▶ [The problem]: Images aside, return all the entries exactly.

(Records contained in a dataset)
----

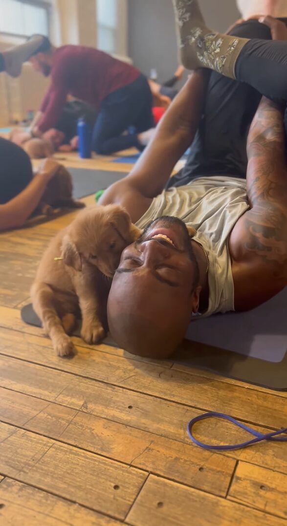 3. 体もほぐれ心癒されるドッグヨガだけど・・子犬が懐きすぎて心はとろけるけどヨガに集中できない!?【海外・動画】
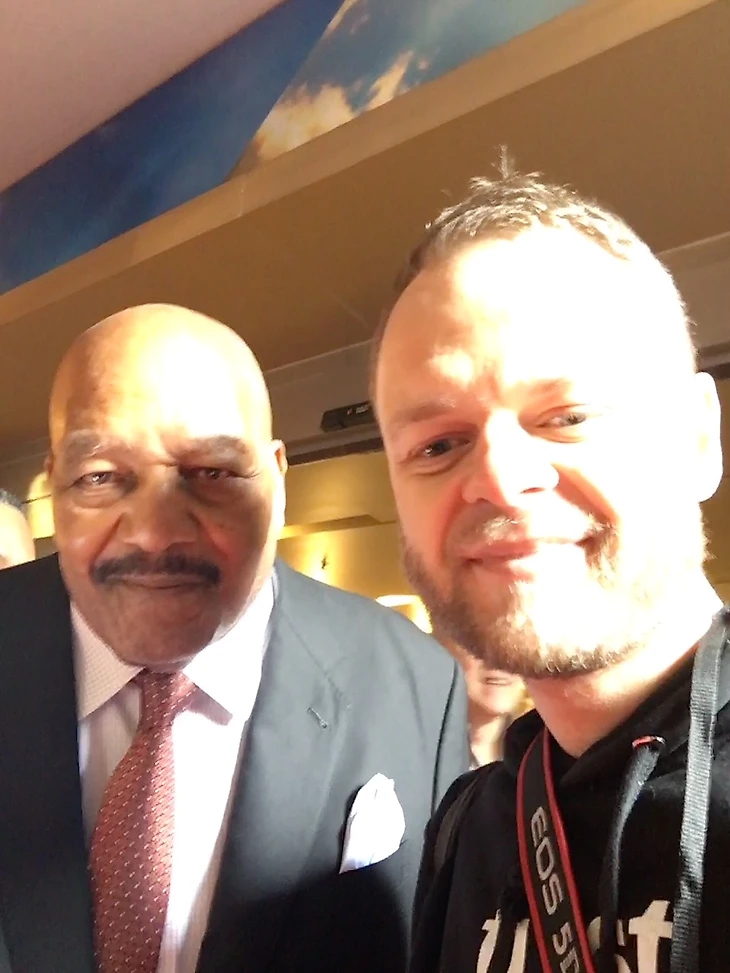 Не знаю, хорошо это или плохо, но я добрался до отеля, где проходило мероприятие, в момент, когда все звезды начали расходиться. С главного входа отеля Мариотт Маркис группами по три-четыре человека выходили пожилые люди в золотых пиджаках. Никакой охраны, лимузинов и толп фанатов. Звезды прошлого спокойно садились в Убер и уезжали в свои гостиницы. Я зашел в лобби Мариотта и тут же увидел Джима Брауна – футболиста №2 в списке самых великих игроков НФЛ за всю историю. Мистеру Брауну 82 года, но он прекрасно понимает, как делаются селфи. В отличии от взволнованного меня и фронтальной камеры моего телефона.
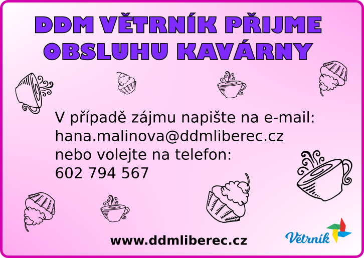 DDM Větrník příjme od 19.09. 2022 obsluhu kavárny:
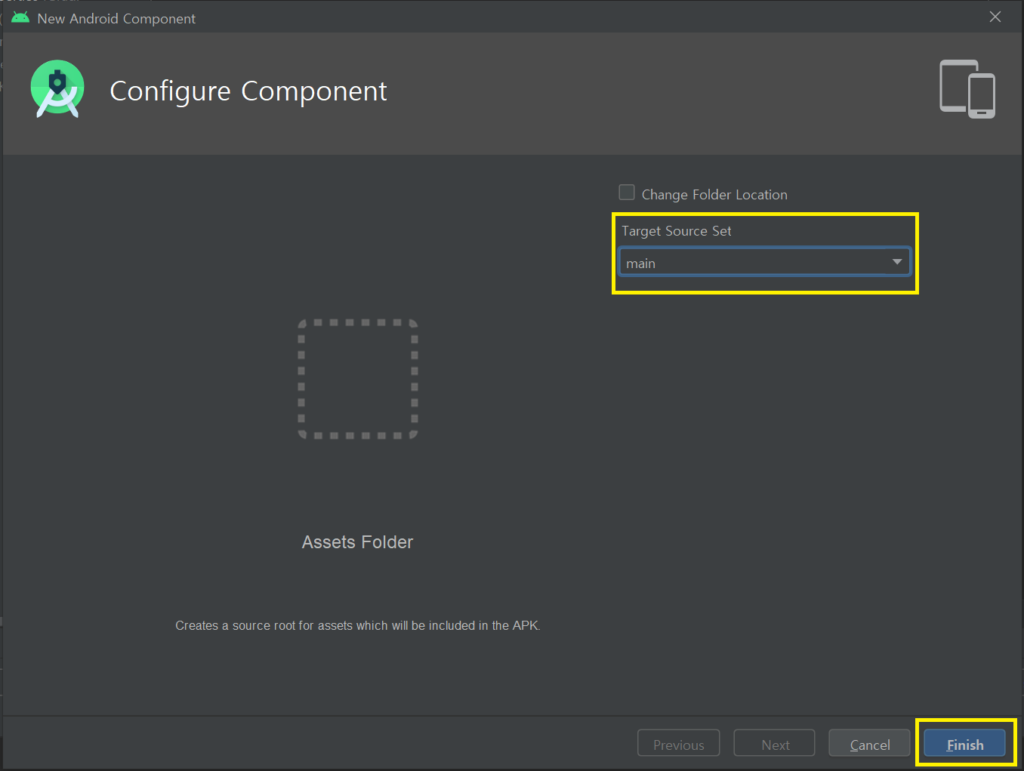 3. 대화상자가 열리면 Tart Source Set 값으로 main를 선택합니다. (기본값 유지) 그리고 Finish버튼을 클릭하면 생성이 완료됩니다.
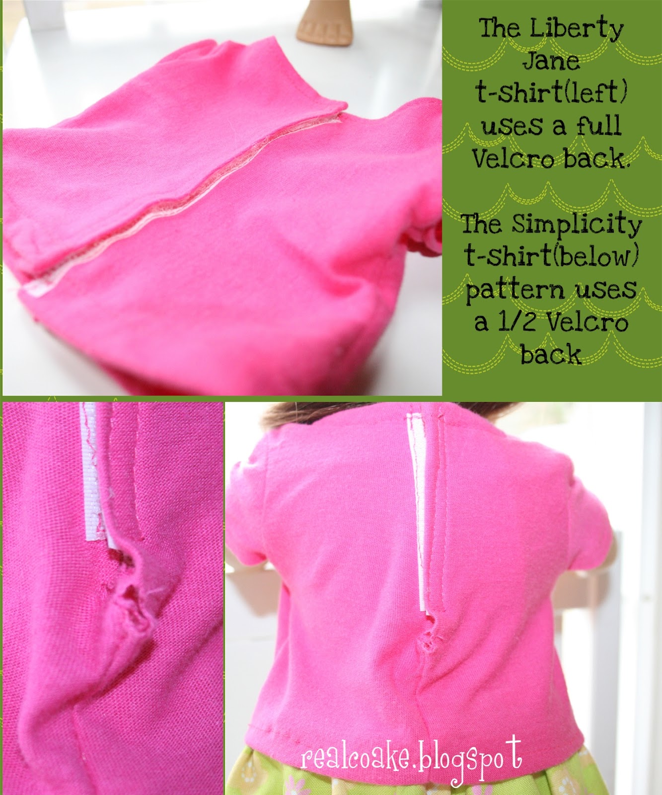 Looking at the back of the shirts, there is a problem. The Liberty Jane t-shirt uses a piece of Velcro along the full opening in the back while the Simplicity t-shirt said to sew the shirt 1/2 way and use Velcro only at the top. As you can see from the pictures, this method does not work for my Pumpkin. The t-shirt had this rip in it after only 1 day. I think she only put it on and off once or twice. It was just too hard for her to do it carefully and if you have kids, you know that finicky things don’t last long. The full Velcro just works so much better and easier for kids. That must be why the Official American Girl items like this all use a full Velcro back opening!

----

▶ [Output of the exercise]:
 3. 体もほぐれ心癒されるドッグヨガだけど・・子犬が懐きすぎて心はとろけるけどヨガに集中できない!?【海外・動画】
 Не знаю, хорошо это или плохо, но я добрался до отеля, где проходило мероприятие, в момент, когда все звезды начали расходиться. С главного входа отеля Мариотт Маркис группами по три-четыре человека выходили пожилые люди в золотых пиджаках. Никакой охраны, лимузинов и толп фанатов. Звезды прошлого спокойно садились в Убер и уезжали в свои гостиницы. Я зашел в лобби Мариотта и тут же увидел Джима Брауна – футболиста №2 в списке самых великих игроков НФЛ за всю историю. Мистеру Брауну 82 года, но он прекрасно понимает, как делаются селфи. В отличии от взволнованного меня и фронтальной камеры моего телефона.
 DDM Větrník příjme od 19.09. 2022 obsluhu kavárny:
 3. 대화상자가 열리면 Tart Source Set 값으로 main를 선택합니다. (기본값 유지) 그리고 Finish버튼을 클릭하면 생성이 완료됩니다.
 Looking at the back of the shirts, there is a problem. The Liberty Jane t-shirt uses a piece of Velcro along the full opening in the back while the Simplicity t-shirt said to sew the shirt 1/2 way and use Velcro only at the top. As you can see from the pictures, this method does not work for my Pumpkin. The t-shirt had this rip in it after only 1 day. I think she only put it on and off once or twice. It was just too hard for her to do it carefully and if you have kids, you know that finicky things don’t last long. The full Velcro just works so much better and easier for kids. That must be why the Official American Girl items like this all use a full Velcro back opening!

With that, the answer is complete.